Piece, then any other agent of activating agent including oxygen and auxiliary cell, such as maintains the antimicrobial of aseptic or helps
In the growth factor of cell growth.
If these devices are used for local treatment, such as treatment to damaged tissues, then the device includes helping to treat
The activating agent of damaged tissues.For example, these devices are used for treat wound, skin healing or cosmetic applications.Activating agent contributes to
And improve wound healing process, and gas can be included, antimicrobial, including but not limited to antifungal agent, antibacterial agent,
Antivirotic and antiparasitic, mycoplasma inorganic agent, growth factor, protein, nucleic acid, angiogenesis factor, anesthetic, glue
Polysaccharide, metal and other Wound-healing agents.
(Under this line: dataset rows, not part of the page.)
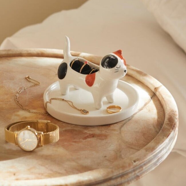 Kitty Calico Katvormige sieradenhouder Keramiek. DECORATIEF EN PRAKTISCH. Een stijlvolle toevoeging aan je nachtkastje, plank of badkamer. Perfect om je sieraden in te leggen als je thuiskomt of om uit te zoeken wat je de volgende dag wilt dragen. HANDGEMAAKT. Gemaakt van hoogwaardig keramiek en met zorg met de hand beschilderd, is elk stuk uniek. ORIGINEEL ONTWERP. De katvorm geeft een speelse touch. Plaats je ringen op de staart of het lijfje, dat is voorzien van een zachte fluwelen tussenschot om ze netjes georganiseerd te houden.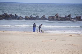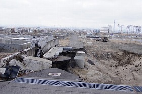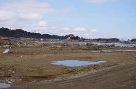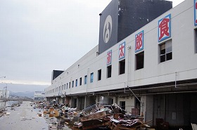 左側:旧市場の建物です。建物の損傷もさることながら前面の道路だった部分が地盤沈下により海水が溜まってしまっています。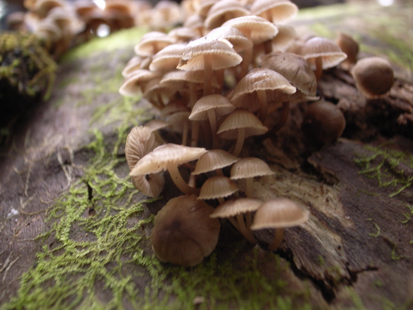 ちいさいのが集まって、はえてます。 かわいいなぁ。 「センボンクヌギタケ」 っていう名前だそうです。 |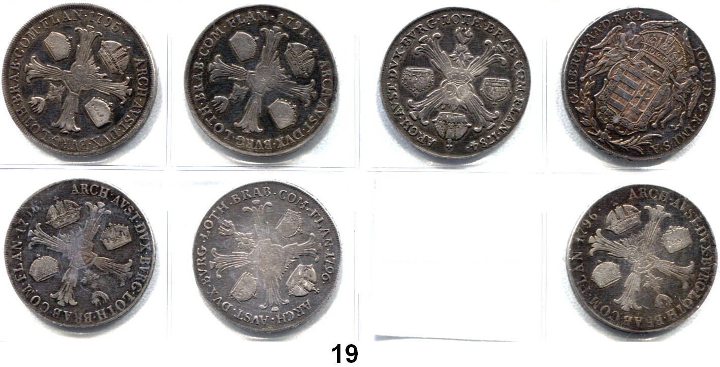 0019. Haus Habsburg LOTS LOTS LOTS Madonnentaler 1782 B; Kronentaler 1784 B; 1791 M; 1795 M; 1796 H und M(2). LOT 7 Stück. Römisch Deutsches Reich Katalogseite Auktion: 160 Losnummer: 0019 Erhaltung: Teilweise Felder bearbeitet, schön bis sehr schön Schätzpreis: 200,00 € Zuschlag: 340 €
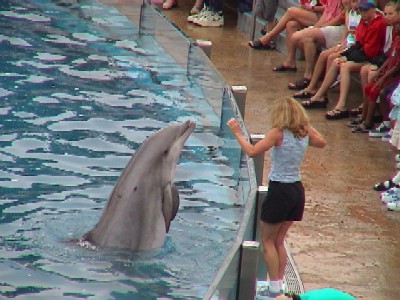ショーが始まる。イルカのジャンプなどは鴨川も引けを取らないカンジ。しかし、観客から選ばれた小さい女の子がイルカに「回れ」とやらせたり、ご褒美のお魚をあげて匂いをかがせ「くさい」と言わせたり、で「最後に記念撮影をしますよ」といってカメラを持った普通の服を着たお姉さんが足元を踏み外してプールに落下、イルカが救い出すというハプニング(演技)があったりと、客を楽しませることに事欠かない。でもまた観客に水を浴びせている。客も喜んでるし。。以前に行ったNutt's Berry Farmの時といい。。。。うーむ。
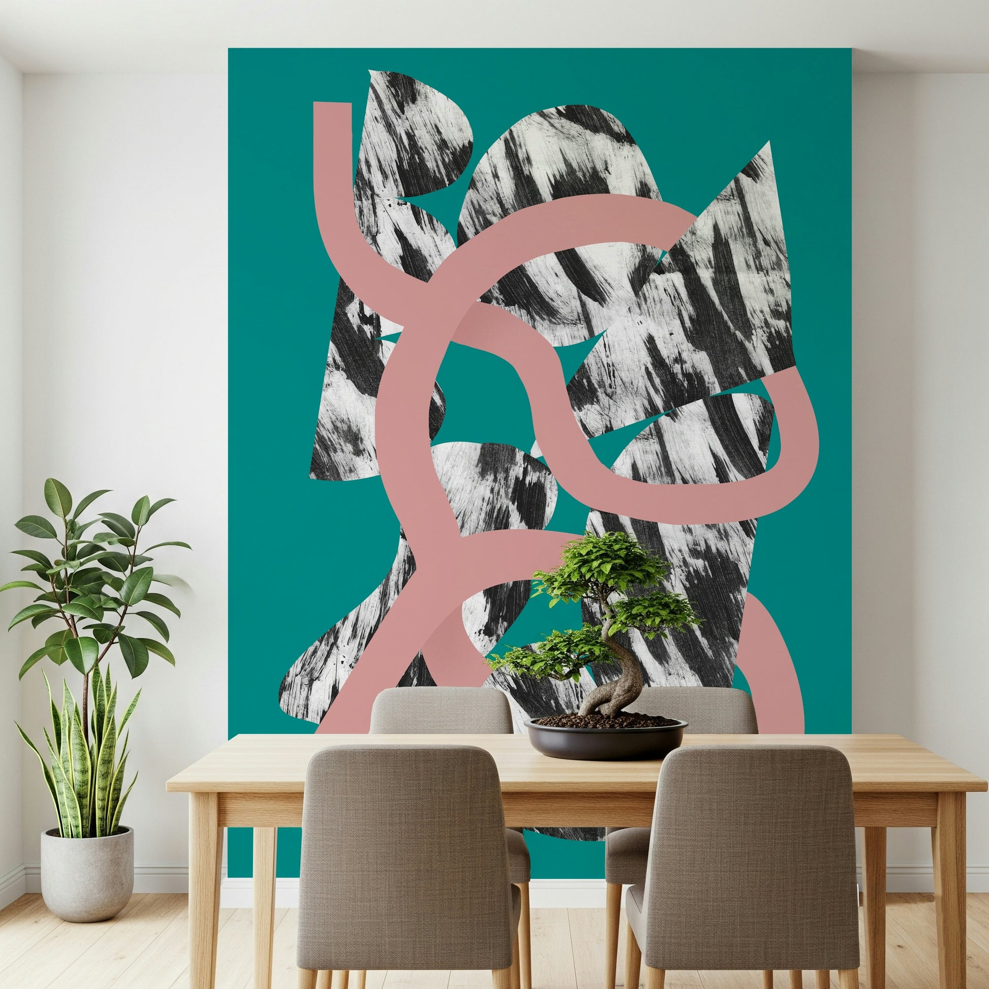 Entangled in captivating complexity, "Big Knot" presents a modern abstract composition that is both visually stimulating and calming. A playful knot of coral-pink lines intertwines with fractured, textured shapes in black and white on a teal backdrop. The bold brushstrokes add depth and a sense of raw artistry, contrasting beautifully with the clean lines of the knot. This wallpaper creates a visually stunning focal point on any screen, inviting viewers to get lost in its layers. Perfect for those who appreciate modern art with a touch of sophisticated chaos, this wallpaper exudes creative energy and artistic flair. Install “Big Knot” and transform your digital space into a modern art gallery.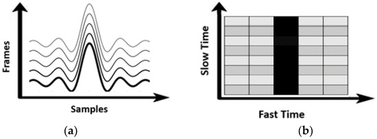 (a) The range profile with frame (time), and (b) range–Doppler map.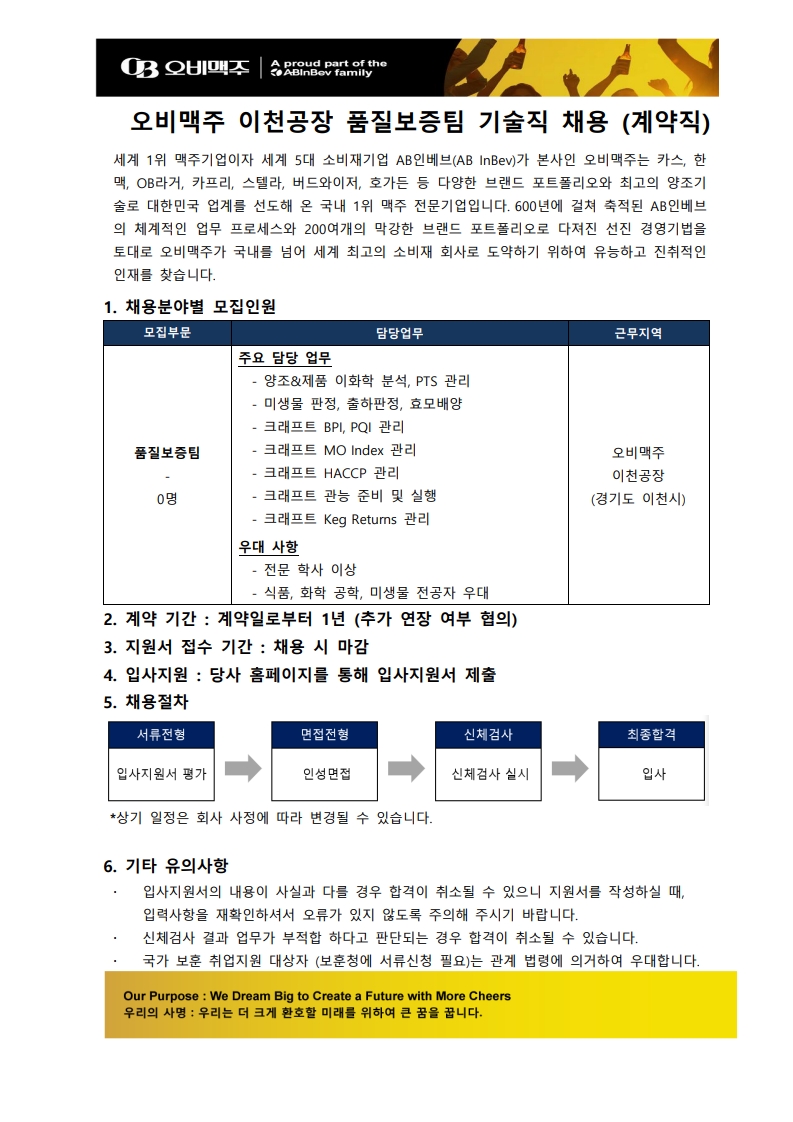 [ABInbev Korea ¿Àºñ¸ÆÁÖ] ÀÌõ°øÀå ǰÁú°ü¸®ÆÀ ±â¼úÁ÷ ä¿ë(°è¾àÁ÷)

The activating agent including but not limited to such as gas of nitrogen, carbon dioxide and inert gas, medicine, chemotherapeutant,
Herbicide, growth inhibitor, antifungal agent, antibacterial agent, antivirotic and antiparasitic, mycoplasma inorganic agent, growth because
Son, protein, nucleic acid, angiogenesis factor, anesthetic, mucopolysaccharide, metal, Wound-healing agent, growth promoter, environmental change
Indicator, enzyme, nutrient, vitamin, mineral matter, carbohydrate, fat, aliphatic acid, nucleosides, nucleotides, amino acid, blood
Clearly, antibody and its fragment, agglutinin, immunostimulant, immunodepressant, clotting factor, neurochemical, cell receptor,
Antigen, adjuvant, radioactive substance and the agent of other influences cell or cell processes.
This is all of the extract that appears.